The diagonal results for plasma and non-plasma cells emphasize that most bounding boxes were correctly predicted (true positives, TP). False positives (FP) and false negatives (FN) are represented by the other values in this matrix. According to this matrix, 381 plasma cells were correctly identified by our DNN model, with only 37 non-plasma cells misclassified as plasma cells. Regarding non-plasma cells, 1,378 were correctly classified, while only 7 were misclassified as plasma cells.

In relation to the background, 71 areas were incorrectly marked as plasma cells and 152 as non-plasma cells. These numbers are considerably low, as the protocol followed by specialists avoids drawing bounding boxes around cells that are not fully visible. Nevertheless, even when partially omitted or not fully visible, our DNN model can still identify cells. Although this may increase classification errors, it does not pose a significant issue, as such cases are typically disregarded during the diagnostic process.

In Fig. 6(b), we show the relevant performance of our DNN model, presenting a mAP50 result superior to 90%. Considering all analyses summarized in these figures, we are confident that our dataset contains valuable patterns to identify plasma and non-plasma cells, providing an important and low-cost setup to support hematologists. Moreover, our dataset can also be used to train new hematologists, providing different cell patterns.

The final challenge presented in this work lies in verifying the performance of our approach in effectively aiding specialists in diagnosing MM. To reach this goal, we analyzed slides for each patient in Table 3. In summary, we have used our DNN model to detect, identify, and count plasma and non-plasma cells. Next, we calculate the ratio between them. As aforementioned, if the ratio is greater than 10%, the MM diagnosis is positive. As one may notice, there is narrow agreement between the expert and predicted diagnoses. The only different was found in Patient 07, in which the ratio was 8.8% and the ratio predicted by our model was 11.1%. However, once were are using the DNN model to support experts, we consider it a less serious mistake compared to incorrectly labeling a patient’s exam with MM as healthy (negative for MM). In this case, the expert is warned to recount the cells.

Table 3 Comparison of model-predicted disease status with expert diagnosis for 10 patients.

To better understand the performance of the DNN model in every patient, Table 4 shows the precision, recall, and F1 scores. These metrics allow for an individual assessment of the model’s effectiveness, highlighting its strong performance on cell slides collected from both healthy and diseased patients.

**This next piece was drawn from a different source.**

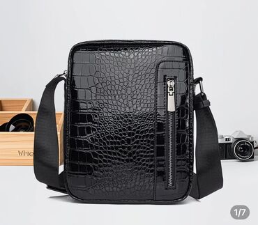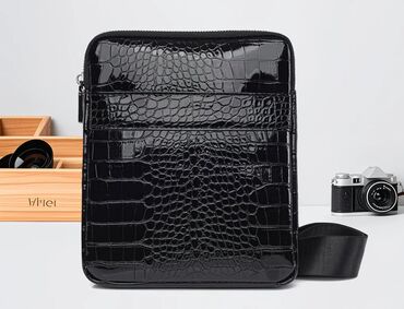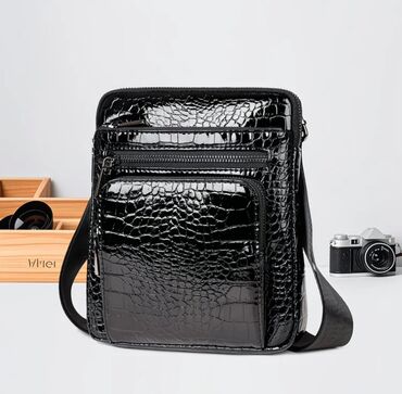 Вариант 1 — черная сумка с глянцевой фактурой под крокодила:

Table 4 Performance metrics for the learning model evaluated per patient.

Our contribution is distinct from usual approaches due to focusing on modeling images captured using standard smartphone cameras. This feature is particularly pertinent as it facilitates the decision-making process in hospitals with resource-constrained settings. Moreover, we also provide a fine-tuned DNN model capable of detecting and identifying plasma and non-plasma cells. This model is especially important to support hematologists and scientists devoted to using it as a benchmark to improve the state-of-the-art in DNN to detect cells. Further results using the DNN architecture are provided in the supplementary material.

Usage Notes

The dataset is under license Creative Commons (CC) BY 4.0. We encourage all interested researchers to download and utilize this dataset for detecting and identifying plasma cells, as well as investigating new machine learning methods for classifying patients with MM.